= Helmut Petri =

German anthropologist

Helmut Petri (7 November 1907 - 21 June 1986) was a German anthropologist.

==Life==
Petri was born in Cologne and received his early education both there and in Berlin. He began his university studies in 1928, taking in Economics, History and Philosophy, as well as coursework on Prehistory and Physical Anthropology, with studies that took him also to Rome, and Vienna where he studied under Wilhelm Schmidt. Wilhelm Koppers and Robert von Heine-Geldern were also among his teachers there. In this early phase Petri was particularly taken by Meso-American cultures, studying under the direction of Fritz Röck, and learnt Nahuatl.
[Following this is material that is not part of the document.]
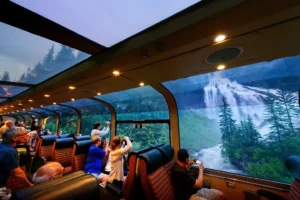 For train travel in Canada, the Rocky Mountaineer stands out as the premier scenic train. A multitude of routes traverse the most immaculate and unforgettable terrains of Western Canada. The most traditional route travels from Banff, located in the heart of the country’s first national park, to Vancouver, a gem on the Pacific Coast. Along the journey, passengers are treated to some of Canada’s most breathtaking scenery. Each route showcases views that ignite the imagination, including the Spiral Tunnels in Kicking Horse Pass and the iconic Stoney Creek Bridge on the First Passage to the West. Interpreters provide insights into the significance of everything the train encounters, including the vital coastal rainforests and the dramatic Fraser Valley and Canyon, which spans 167 miles across a rugged Gold Rush region, characterized by turbulent waterfalls, steep cliffs, and profound gorges. What is the most impressive element of an expedition aboard the Rocky Mountaineer? You won’t miss a moment of the stunning scenery. The train halts for an overnight stay where passengers have booked their accommodations in Kamloops. Thus, on the second day, passengers are refreshed, alert, and seated by their windows as the train descends through the coastal Cascade Mountains towards the Pacific Ocean. Consider indulging in the GoldLeaf service in a carriage car that boasts a glass dome for the best views.

He completed his PhD with a thesis on currencies in the South Pacific (Geldformen der Südsee ).

His first professional appointment was in Vienna, where he was curator at both the Museum of Ethnology and the Museum of Natural History In 1935 he moved to Frankfurt am Main to take up a position with the Frobenius Institute. Frankfurt provided him with the opportunity to pursue research on Oceania and Australia at the Museum of World Cultures and, in 1938-1939, he embarked on his first piece of ethnographical fieldwork, which took him to the Kimberley region of Western Australia. There he worked in particular with the Worrorra, Ngarinjin (Note: Petri wrote Ungarinyin,. However Norman Tindale, after studying the problem with elders, settled on the ethnonym Ngarinjin.) and other tribes of the Dampier Archipelago.

On his return, Petri was drafted into the Wehrmacht and served as a radio-operator in France, Greece, North Africa and Italy. At war's end, he was taken prisoner and detained for several months in an American camp for POWs. On his release, he resumed his former job at the Frobenius Institute, under Adolf Ellegard Jensen, lecturing in anthropology. After a further stint of fieldwork in Australia in 1953-1954. he was appointed to a full professorship in 1956, and department chair of the Department of Social and Cultural Anthropology at the University of Cologne two years later. In 1959 he married a fellow ethnologist, Gisela Odermann, who had also accompanied him on his fieldwork expedition in 1953/1954. He retired in 1971.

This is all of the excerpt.